What this task involves: From the line that holds "Hair Clips - Card" to the end of the records, reproduce every line exactly. No pictures.

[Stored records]
* * *

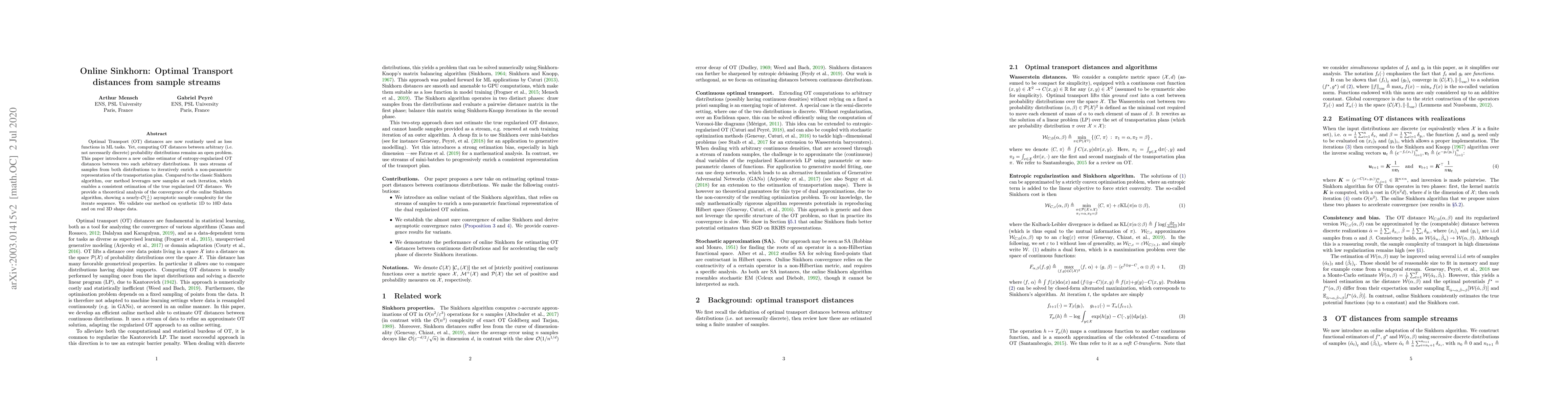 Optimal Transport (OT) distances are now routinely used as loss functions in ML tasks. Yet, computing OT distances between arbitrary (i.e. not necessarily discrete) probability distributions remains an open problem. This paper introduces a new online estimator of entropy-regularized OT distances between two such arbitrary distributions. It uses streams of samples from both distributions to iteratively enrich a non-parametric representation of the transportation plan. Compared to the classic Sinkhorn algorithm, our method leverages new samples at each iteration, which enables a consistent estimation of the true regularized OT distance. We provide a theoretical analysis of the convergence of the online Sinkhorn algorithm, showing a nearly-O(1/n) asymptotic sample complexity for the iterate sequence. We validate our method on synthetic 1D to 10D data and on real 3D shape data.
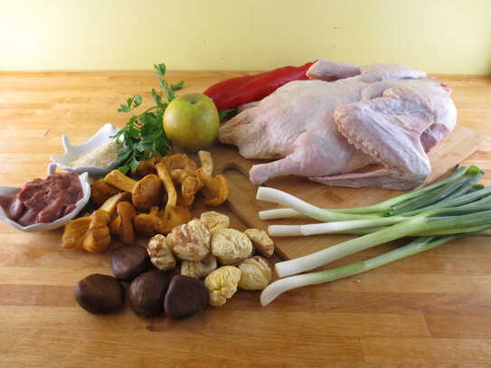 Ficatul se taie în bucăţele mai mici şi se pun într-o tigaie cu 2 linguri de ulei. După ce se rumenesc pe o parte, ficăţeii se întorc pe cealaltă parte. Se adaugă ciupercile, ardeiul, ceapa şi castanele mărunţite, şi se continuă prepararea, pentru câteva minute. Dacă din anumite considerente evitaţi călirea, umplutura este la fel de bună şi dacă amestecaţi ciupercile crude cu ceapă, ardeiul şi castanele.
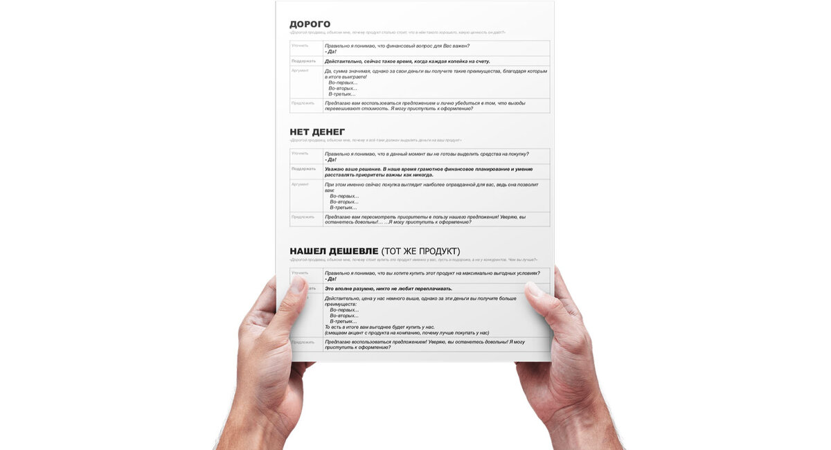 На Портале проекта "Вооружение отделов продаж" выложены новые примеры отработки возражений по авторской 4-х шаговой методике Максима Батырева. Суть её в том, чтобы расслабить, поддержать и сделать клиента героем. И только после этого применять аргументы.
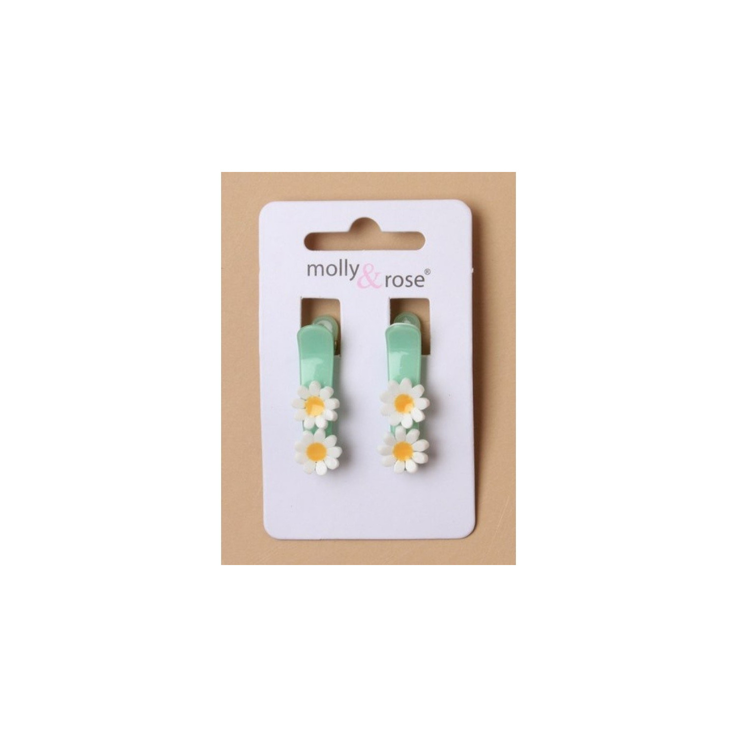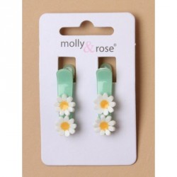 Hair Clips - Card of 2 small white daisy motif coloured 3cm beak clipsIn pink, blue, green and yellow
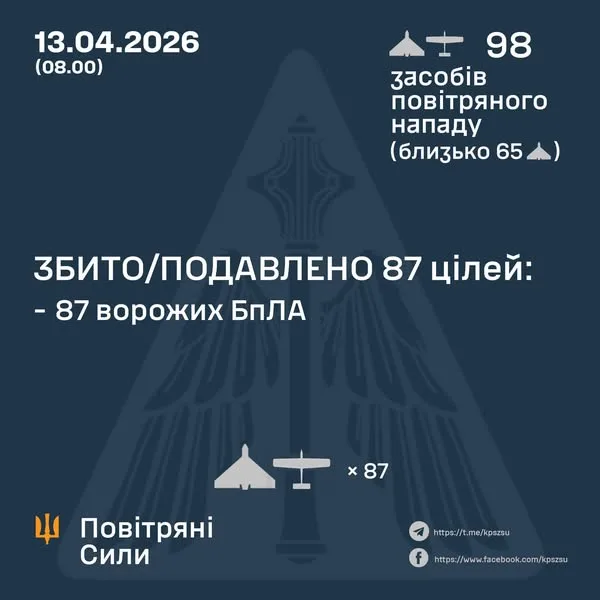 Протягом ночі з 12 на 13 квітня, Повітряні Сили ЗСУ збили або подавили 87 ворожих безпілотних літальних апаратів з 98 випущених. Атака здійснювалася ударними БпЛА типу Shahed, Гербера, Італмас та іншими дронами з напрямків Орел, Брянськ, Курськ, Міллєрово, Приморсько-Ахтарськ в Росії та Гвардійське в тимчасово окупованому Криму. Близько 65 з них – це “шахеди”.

* * *

Solution to this task:
 Hair Clips - Card of 2 small white daisy motif coloured 3cm beak clipsIn pink, blue, green and yellow
 Протягом ночі з 12 на 13 квітня, Повітряні Сили ЗСУ збили або подавили 87 ворожих безпілотних літальних апаратів з 98 випущених. Атака здійснювалася ударними БпЛА типу Shahed, Гербера, Італмас та іншими дронами з напрямків Орел, Брянськ, Курськ, Міллєрово, Приморсько-Ахтарськ в Росії та Гвардійське в тимчасово окупованому Криму. Близько 65 з них – це “шахеди”.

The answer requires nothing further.